Moon photos show astronauts’ tracks

This August image made available by NASA shows paths left by walking astronauts and lunar buggy tracks from the 1972 U.S. Apollo 17 moon mission. (Associated Press)
Seth Borenstein Associated Press

WASHINGTON – A spacecraft circling the moon has snapped the sharpest photos ever of the tracks and trash left behind by Apollo astronauts in their visits from 1969 to 1972.

Images taken by NASA’s Lunar Reconnaissance Orbiter from 13 to 15 miles up show the astronauts’ paths when they walked on the moon, as well as ruts left by a moon buggy. Experts could even identify the backpacks astronauts pitched out of their lunar landers before they returned to Earth.

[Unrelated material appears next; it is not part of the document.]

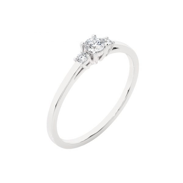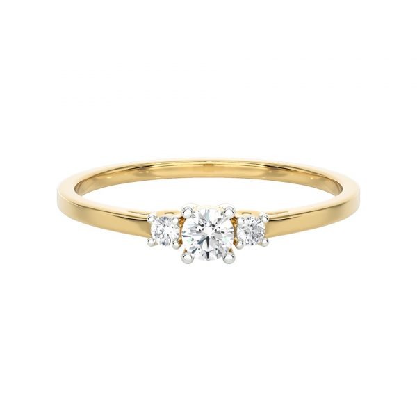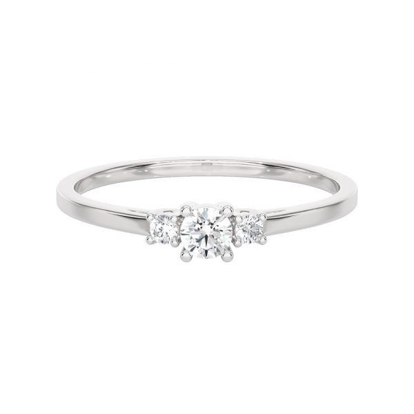 Bague solitaire diamant, au design minimaliste et élégant, composée de trois diamants délicats.

“What we’re seeing is a trail,” said Arizona State University geology professor Mark Robinson, the orbiter’s chief scientist. “It’s totally awesome.”

However, the photos weren’t close enough to see individual bootprints, Robinson said.

The pictures were taken two weeks ago and show the landing sites for Apollo 12, 14 and 17. The closest images are of the 1972 Apollo 17 site, the last moon mission.

Two years ago, images from the same spacecraft from 30 and 60 miles out showed fuzzier images. But this year the orbiter dipped down to take about 300,000 more close-ups. The trails left by the astronauts are clear, but the places where backpacks were discarded, Apollo 17’s moon buggy, and the bottom parts of the three lunar landers are blurry.

“You have to really look at it for a long time to figure out what you’re looking at,” Robinson said.